Судя по некоторым горьким строкам из "Исповеди", Л.Н. Толстому чувствовалось нехорошо в этой обстановке. "Всякий раз, – говорит он например, – когда я пытался высказать то, что составляло самые задушевные мои желания, – то, что я хочу нравственно быть хорошим, – я встречал презрение и насмешки, а как только я предавался гадким страстям, меня хвалили и поощряли". "Добрая тетушка моя, – с иронией продолжает он, – чистейшее существо, всегда говорила мне, что она ничего не желала бы так для меня, как того, чтобы я имел связь с замужнею женщиной. Еще другого счастья она желала мне, того, чтобы я был адъютантом, и лучше всего – у государя, а самого большого счастья, того, чтобы я женился на богатой девушке и чтобы у меня было как можно больше рабов".
Примкнувши к кружку студентов-аристократов, проводя все время на балах, вечерах и пикниках, граф Толстой, разумеется, занимался очень слабо и, не выдержав переходных экзаменов на 2-й курс, перебрался попытать счастья на юридический факультет, но встретил здесь, по выражению профессора Загоскина, "нечто невообразимое". "Факультет олицетворялся в небольшой кучке профессоров, с преобладающим немецким элементом, которые служили предметом посмешища для студентов всех факультетов и всех курсов… Вот, например, полуюродивый профессор римского права Камбек, немец, почти не знающий русского языка, который из года в год начинал свой курс крикливым диктованьем: "Рымское право!
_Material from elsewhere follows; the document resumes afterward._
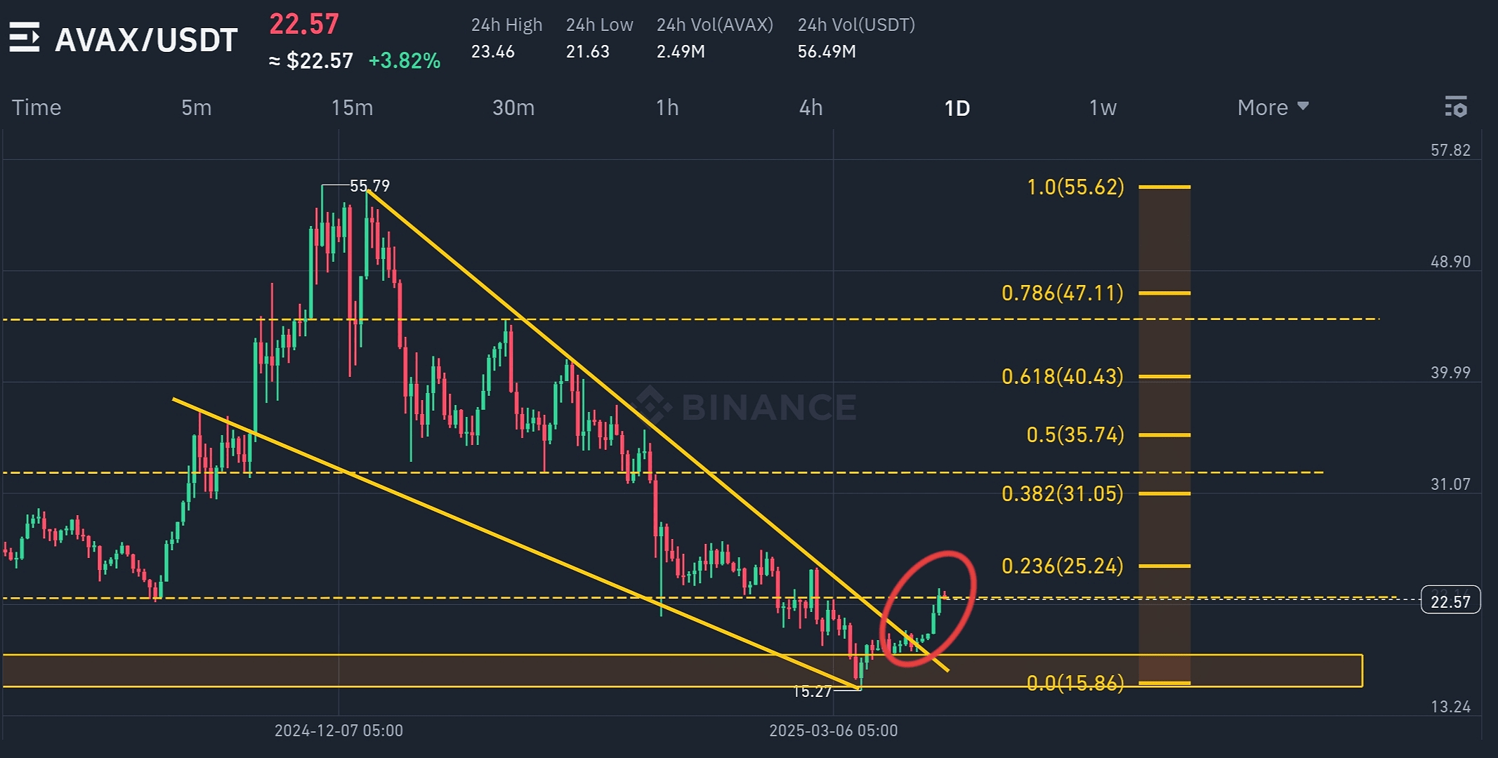 Attualmente a $22.57, AVAX si sta avvicinando al 0.236 Fib ($25.24). Una rottura decisiva sopra quel livello rafforzerebbe la narrativa della rottura rialzista.

P – большое, Π – тоже большое и пунктум… Запшите это сэбэ на боке (то есть на полях)". Диктованьем на ломаном русском языке передавал этот профессор и весь свой дальнейший курс, в котором встречались, например, такого рода перлы: "Рымлянэ ымэли своево орхиеррея, краго (профессор читал сокращенно краго, а не которого: так для него были переписаны лекции) называли вэрховный жэрэбэц (то есть жрец)". Другой профессор той же эпохи, криминалист Густав Фогель, следующим образом иллюстрировал, например, несостоятельность суда присяжных: "Когда-то и где-то одна молодая дэвушка билла обвиняемая в ужаснэйшем преступлении, самым сквернэйшим образом учиненного… И ссуд присяжных оправдал ее!"
Недурен был и профессор международного права Гелъмут Винтер, совершенно не знавший почти русского языка и потому читавший свои лекции по какой-то ветхой тетрадке по-французски. Он скакал в пафосе по аудитории, показывая наглядно картину вступления в 1813 году союзных государей в Париж, или картинно размахивал запачканным в табаке носовым платком, демонстрируя слушателям морские сигналы, а не то так изображал ртом, немилосердно надувая щеки, салютационную канонаду…
Лучше других были профессор Майер, Станиславский и другие, но и у них граф Толстой мало чему научился, вернее, мало чему хотел научиться".
Разумеется, и в данном случае говорить о неспособности к труду Толстого, у которого впоследствии хватило невероятного терпения семь раз подряд переделать "Войну и мир", а еще позже, уже под старость, изучить всех комментаторов к Евангелию, – смешно. Профессорские двойки, единицы и нули говорят нам лишь о том, что никогда настоящего интереса к университетской науке Толстой не питал и что самолюбие его в это время было направлено совсем на другое, нежели на академические лавры, получение которых и теперь-то не представляет никаких особенных трудностей для обеспеченного человека, а сорок лет тому назад было и еще того легче.